Милый друг, отвечаю на главную суть твоего письма — почему мы вообще так редко ведем серьезные разговоры * . Когда люди молчат, то это значит, что им не о чем говорить или что они стесняются. О чем говорить? У нас нет политики, у нас нет ни общественной, ни кружковой, ни даже уличной жизни, наше городское существование бедно, однообразно, тягуче, неинтересно — и говорить об этом так же скучно, как переписываться с Луговым. Ты скажешь, что мы литераторы и что это уже само по себе делает нашу жизнь богатой. Так ли? Мы увязли в нашу профессию по уши, она исподволь изолировала нас от внешнего мира — и в результате у нас мало свободного времени, мало денег, мало книг, мы мало и неохотно читаем, мало слышим, редко уезжаем… Говорить о литературе? Но ведь мы о ней уже говорили… Каждый год одно и то же, одно и то же, и всё, что мы обыкновенно говорим о литературе, сводится к тому, кто написал лучше и кто хуже; разговоры же на более общие, более широкие темы никогда не клеятся, потому что когда кругом тебя тундра и эскимосы, то общие идеи, как неприменимые к настоящему, так же быстро расплываются и ускользают, как мысли о вечном блаженстве. Говорить о своей личной жизни? Да, это иногда может быть интересно, и мы, пожалуй, поговорили бы, но тут уж мы стесняемся, мы скрытны, неискренни, нас удерживает инстинкт самосохранения, и мы боимся. Мы боимся, что во время нашего разговора нас подслушает какой-нибудь некультурный эскимос, который нас не любит и которого мы тоже не любим; я лично боюсь, что мой приятель Сергеенко, ум которого тебе нравится, во всех вагонах и домах будет громко, подняв кверху палец, решать вопрос, почему я сошелся с N в то время, как меня любит Z. Я боюсь нашей морали, боюсь наших дам… Короче, в нашем молчании, в несерьезности и в неинтересности наших бесед не обвиняй ни себя, ни меня, а обвиняй, как говорит критика, «эпоху», обвиняй климат, пространство, что хочешь, и предоставь обстоятельства их собственному роковому, неумолимому течению, уповая на лучшее будущее.
А за Гольцева я, конечно, рад и завидую ему * , ибо в его годы я уже буду не способен. Гольцев мне очень нравится, и я его люблю.

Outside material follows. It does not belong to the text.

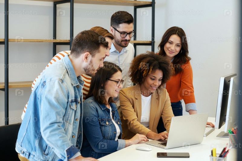 Разнообразная команда взрослых сотрудничает на ноутбуке в современном офисе

За письмо благодарю тебя от всего сердца и крепко жму тебе руку. Увидимся после 12-го декабря, а до этого времени тебя не сыщешь. Кланяйся Екатерине Николаевне и будь здоров. Пиши, буде придет охота. Отвечу с превеликим удовольствием.
Твой А. Чехов.
Евтушевскому А. П., 27 ноября 1896 *
1826. А. П. ЕВТУШЕВСКОМУ
27 ноября 1896 г. Мелихово.
Многоуважаемый Андрей Павлович!
Я написал о Вас П. Ф. Иорданову * , как Вы того желали, о чем и спешу сообщить Вам. Кланяюсь Вашим детям и желаю, чтобы Ваши хлопоты и заботы увенчались полным успехом.
Искренно Вас уважающий
А. Чехов. 96 27/XI.
Отметки Вашего сына * мне очень понравились; я хуже учился.

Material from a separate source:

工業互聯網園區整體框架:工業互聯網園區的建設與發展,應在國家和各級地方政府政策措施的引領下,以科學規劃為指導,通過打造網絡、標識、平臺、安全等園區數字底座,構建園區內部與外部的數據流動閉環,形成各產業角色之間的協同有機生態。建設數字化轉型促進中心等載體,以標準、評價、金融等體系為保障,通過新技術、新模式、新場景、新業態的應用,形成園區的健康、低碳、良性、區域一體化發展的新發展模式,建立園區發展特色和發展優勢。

Чехову М. П., 27 ноября 1896 *
1827. М. П. ЧЕХОВУ
27 ноября 1896 г. Мелихово.
26-го ноября в 6-м часу вечера у нас в доме произошел пожар. Загорелось в коридоре около материной печи. С обеда до вечера воняло дымом, жаловались на угар, вечером в щели между печью и стеной увидели огненные языки. Сначала трудно было понять, где горит: в печи или в стене. В гостях был князь * , который стал рубить стену топором. Стена не поддавалась, вода не проникала в щель; огненные языки имели направление кверху, значит была тяга, между тем горела не сажа, а, очевидно, дерево. Звон в колокол. Дым. Толкотня. Воют собаки. Мужики тащат во двор пожарную машину. Шумят в коридоре. Шумят на чердаке. Шипит кишка. Стучит топором князь. Баба с иконой. Рассуждающий Воронцов. В результате: сломанная печь, сломанная стена (против ватера), содранные обои в комнате матери около печи, сломанная дверь, загаженные полы, вонь сажей — и матери негде спать. А еще, кроме всего, новый повод известному тебе лицу * нести чепуху и орать.
Заявляю убытков на 200 руб.
У нас Лика. Кланяюсь.
Ваш папаша *
А. Чехов.
Печка была сделана ужасно глупо. 96. 27/XI.
На конверте:
Ярославль. Михаилу Павловичу Чехову.